> _TRY IT_
No pictures, please. Output the lines from the start of the data through the line that contains "Mineralinės izoliacijos kabeliai", both included, exactly as they stand.
START RECORDED INFORMATION
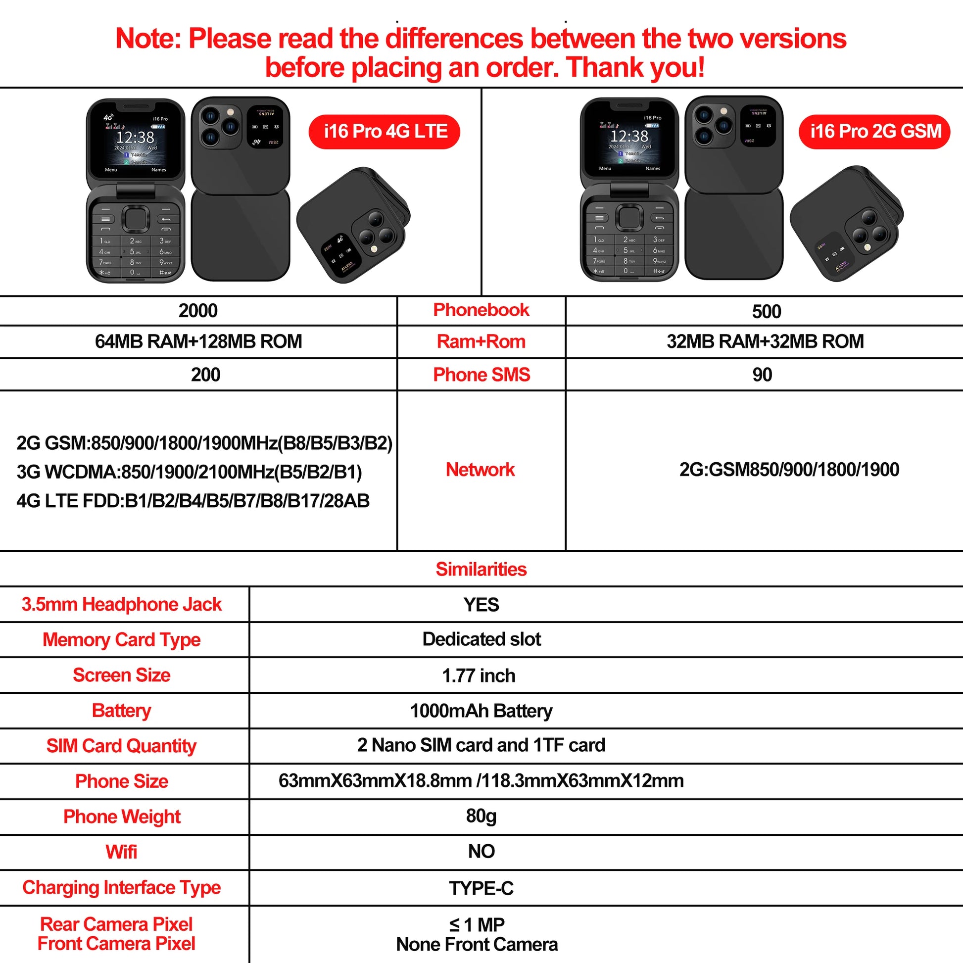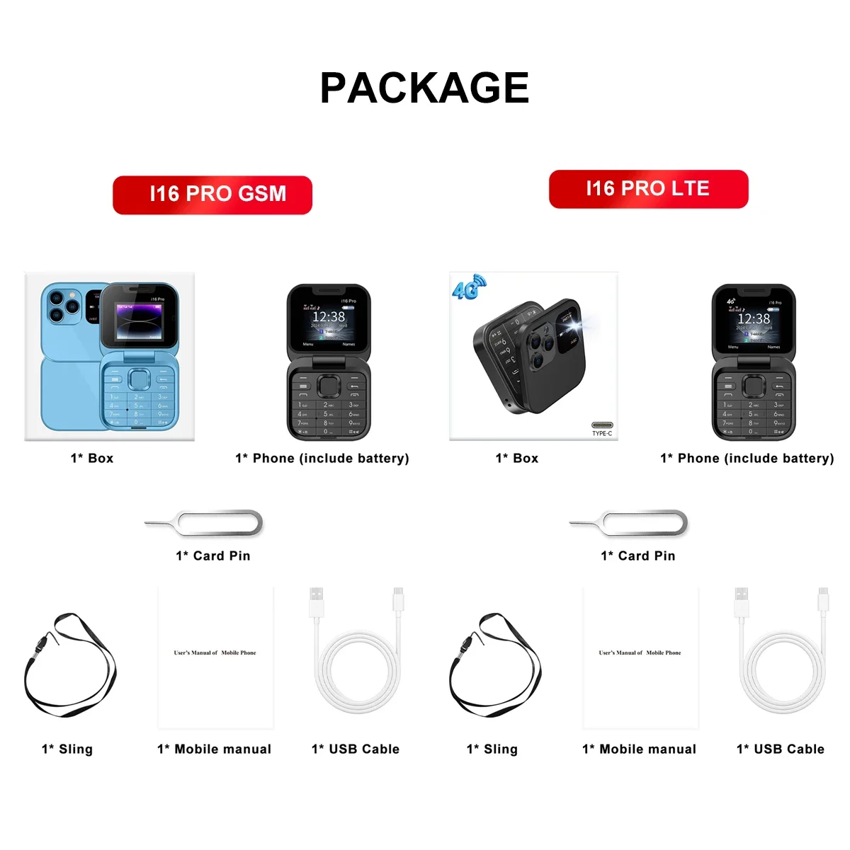 With Dual SIM standby, a bright 1.77” HD display, and long-lasting 1000mAh battery, this lightweight device delivers dependable communication wherever you go. Whether you choose the 2G GSM or 4G LTE version, the i16 PRO ensures stable connectivity and intuitive controls across multiple regions.
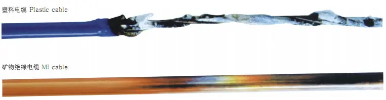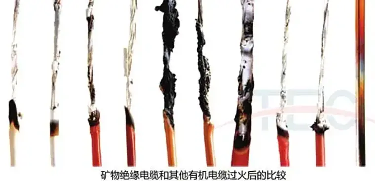 Mineralinės izoliacijos kabeliai po atsparumo ugniai bandymo beveik nepakito. Organinės izoliacijos kabeliai parodė akivaizdų karbonizaciją.
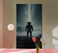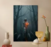Questa opera d'arte oscura e cinematografica fonde fantascienza e orrore in una potente scena surreale. Un astronauta attraversa una foresta nebbiosa e infestata, circondato da mani inquietanti che emergono dall'acqua sottostante. Nella sua mano, un cuore incandescente proietta una luce calda contro la fredda atmosfera blu, simboleggiando la speranza, l'umanità e la sopravvivenza nell'ignoto. L'illuminazione tetra, gli alberi nebbiosi e il contrasto drammatico creano una storia visiva intensa ed emozionante. Perfetto per gli appassionati di dark fantasy, space art, temi psicologici e decorazioni murali d'atmosfera, questo disegno aggiunge mistero e profondità.
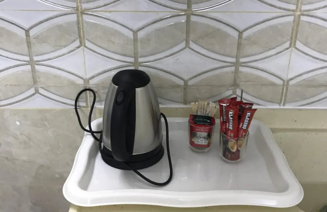 Profitez de la cuisine équipée fournie dans la propriété et équipée d'une bouilloire électrique, d'un réfrigérateur et de la vaisselle pour votre confort.
END RECORDED INFORMATION
> _RESULT OF THE TASK_
 With Dual SIM standby, a bright 1.77” HD display, and long-lasting 1000mAh battery, this lightweight device delivers dependable communication wherever you go. Whether you choose the 2G GSM or 4G LTE version, the i16 PRO ensures stable connectivity and intuitive controls across multiple regions.
 Mineralinės izoliacijos kabeliai po atsparumo ugniai bandymo beveik nepakito. Organinės izoliacijos kabeliai parodė akivaizdų karbonizaciją.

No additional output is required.